Anne : Je suis Anne Dumont, médecin, psychiatre, maman de deux petites filles de 5 ans et 2 ans. J’ai été formée à la psychologie de l’enfant et de la maman. La question du doudou est très abordée chez les parents car il arrive que des enfants soient très collés à leur doudou et parfois ce n’est pas du tout le cas avec des enfants qui n’en ont pas du tout ! La question du doudou peut donc susciter beaucoup de questions, et aujourd’hui je suis là pour y répondre…

La Pelucherie : Alors, notre première question ce serait tout simplement : à quoi sert le doudou pour un bébé ?

Anne : C’est un objet de sécurité avant toute chose. Un objet de sécurité affective, mais également quelque chose qui permet l’organisation et la construction de la pensée du bébé. Cette construction passe par un objet, qu’on appelle objet transitionnel et qui permet de faire le trait d’union entre la vie intérieure du bébé, ses ressentis, ses émotions, et le monde extérieur. Cet objet va lui permettre d’appréhender le monde avec plus de facilité, et de transformer ses affects, car les émotions sont très puissantes chez les tout-petits, beaucoup plus que chez les adultes. Le doudou permet donc de réguler ces émotions.

La Pelucherie : C’est donc pour ça que dès qu’ils ont un petit chagrin, les bébés l’attrapent…

Anne : Effectivement, puisque le doudou structure la pensée et l’émotion, il permet au bébé de se sentir davantage en sécurité et de pallier les différentes formes d’anxiété qu’il rencontre dans le monde extérieur. C’est donc un objet qui indirectement permet à l’enfant d’aller explorer ce monde qui l’entoure. Le doudou est en fait un objet qui guide le bébé vers l’autonomie. Il devient donc au fil du temps un objet de sécurité, mais à l’origine il est un régulateur de la pensée et de la vie psychique… Le doudou est donc bien plus important que ce que l’on imagine ! Il permet au bébé de se représenter le monde. Il est comme un sésame lui permettant d’accéder au monde extérieur. Car le monde du tout-petit se limite à sa maman et à son papa. Le doudou est par conséquent l’objet qui facilite le passage du monde des parents au monde extérieur.

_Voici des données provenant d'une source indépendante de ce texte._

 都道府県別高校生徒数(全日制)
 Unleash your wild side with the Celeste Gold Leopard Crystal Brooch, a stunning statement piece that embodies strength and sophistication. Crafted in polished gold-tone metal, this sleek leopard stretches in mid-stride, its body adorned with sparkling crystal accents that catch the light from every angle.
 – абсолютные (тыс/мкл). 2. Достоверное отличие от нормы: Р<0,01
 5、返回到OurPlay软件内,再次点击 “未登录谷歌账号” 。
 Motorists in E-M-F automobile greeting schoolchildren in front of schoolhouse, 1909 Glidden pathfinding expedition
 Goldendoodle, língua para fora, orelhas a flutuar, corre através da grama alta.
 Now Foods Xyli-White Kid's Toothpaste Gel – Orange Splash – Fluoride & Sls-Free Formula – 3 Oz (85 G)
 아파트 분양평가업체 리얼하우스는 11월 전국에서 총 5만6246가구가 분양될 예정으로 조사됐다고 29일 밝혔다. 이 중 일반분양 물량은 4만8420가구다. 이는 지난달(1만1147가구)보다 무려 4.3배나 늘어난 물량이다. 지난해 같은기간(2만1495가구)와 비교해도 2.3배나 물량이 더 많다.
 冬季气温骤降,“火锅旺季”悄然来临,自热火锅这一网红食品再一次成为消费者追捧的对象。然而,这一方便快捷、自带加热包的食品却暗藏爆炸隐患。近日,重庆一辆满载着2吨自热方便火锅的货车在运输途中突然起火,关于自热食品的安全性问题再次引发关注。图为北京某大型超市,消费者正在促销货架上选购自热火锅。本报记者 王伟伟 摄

La Pelucherie : Quand mes enfants ont un petit chagrin, je leur donne tout de suite leur doudou pour les rassurer, est-ce que c’est une bonne pratique ?

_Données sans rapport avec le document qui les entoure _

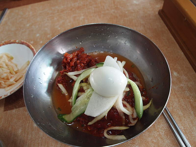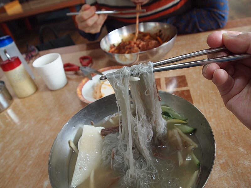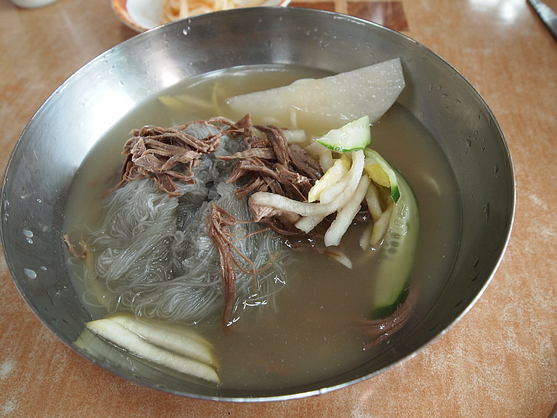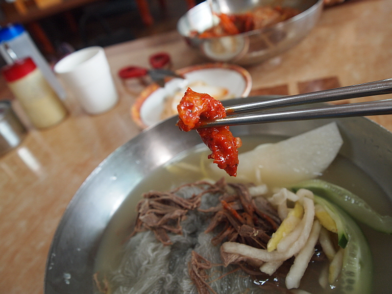 특히나 내 물냉면은 차가운 육수에 쫄깃한 면이 담겨 있어 더 심하게 질겼다. 아무리 젖가락으로 휘휘 저어도 도무지 이 면발이 풀릴 생각을 하지 않았다. 어쩔 수 없다. 그냥 도구의 힘을 빌려야 한다. 물냉면의 육수는 정말 훌륭한 것이었다. 아마 내가 먹어본 함흥냉면 집 중에서는 정말 다섯 손가락 안에 들 정도로 내공있고 깊은 맛이 나는 육수였다. 아마도 소고기와 동치미를 섞은 것 같은데 그 맛이 정말 전문가의 손길이 느껴지는 것이었다.
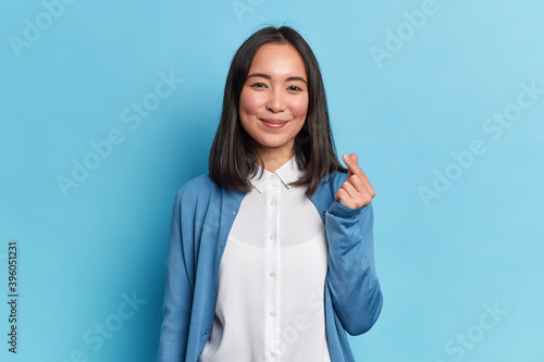 Lovely brunette Asian woman with rouge cheeks show mini heart gesture makes korean like sign wears white shirt and blue jumper expresses love has gentle smile poses indoor. Body language concept

Anne : Oui, car je crois que c’est un objet qui doit toujours être à disposition du bébé. Dans tous les cas, le doudou est comme un prolongement du bébé, donc il l’attrapera quand il en sentira le besoin. En fait, c’est plus précisément un objet qui est à la fois le prolongement du tout-petit et celui de la maman. Donc le fait que la maman ou le papa le donne au bébé n’est pas un problème. Par contre, il faut aussi que les parents soient disponibles pour rassurer bébé. Le doudou n’est pas un prétexte pour fuir le chagrin de bébé (Rires).

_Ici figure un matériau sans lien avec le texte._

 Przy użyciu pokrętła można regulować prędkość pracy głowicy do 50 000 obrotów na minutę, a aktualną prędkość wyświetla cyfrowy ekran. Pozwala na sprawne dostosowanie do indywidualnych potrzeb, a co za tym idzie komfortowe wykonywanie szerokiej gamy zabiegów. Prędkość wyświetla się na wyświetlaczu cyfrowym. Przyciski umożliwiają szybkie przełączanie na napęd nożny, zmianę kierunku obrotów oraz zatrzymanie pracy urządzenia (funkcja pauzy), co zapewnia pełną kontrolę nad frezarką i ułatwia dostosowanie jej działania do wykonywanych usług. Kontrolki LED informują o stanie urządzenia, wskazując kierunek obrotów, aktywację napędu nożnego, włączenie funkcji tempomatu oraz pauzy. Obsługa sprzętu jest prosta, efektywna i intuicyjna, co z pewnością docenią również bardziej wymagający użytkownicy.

La Pelucherie : Est-ce qu’on peut intervenir sur le choix du doudou ?

Anne : Le bébé a besoin de choix mais aussi de s’approprier l’objet qu’il aura identifié comme le sien. Je pense qu’il faut proposer plusieurs doudous au bébé et qu’ensuite l’enfant choisira lui-même son doudou. Ça peut être un objet plus ou moins plat, une peluche, un petit personnage qui ne sera pas nécessairement un animal. Il y a des bébés qui adorent qu’il y ait un petit fil à tirer, un petit bout de laine à sucer, ou alors des étiquettes à mâchouiller. Il faudra voir ce qu’il faut au bébé. Mais par contre, ne lui donnez pas qu’un seul doudou ! Il faut qu’il ait l’embarras du choix et c’est lui qui choisit son style de doudous ! C’est un peu triste pour commencer sa vie que le bébé n’ait pas le choix, donc il vaut mieux privilégier plusieurs modèles pour que l’enfant puisse sélectionner son doudou fétiche.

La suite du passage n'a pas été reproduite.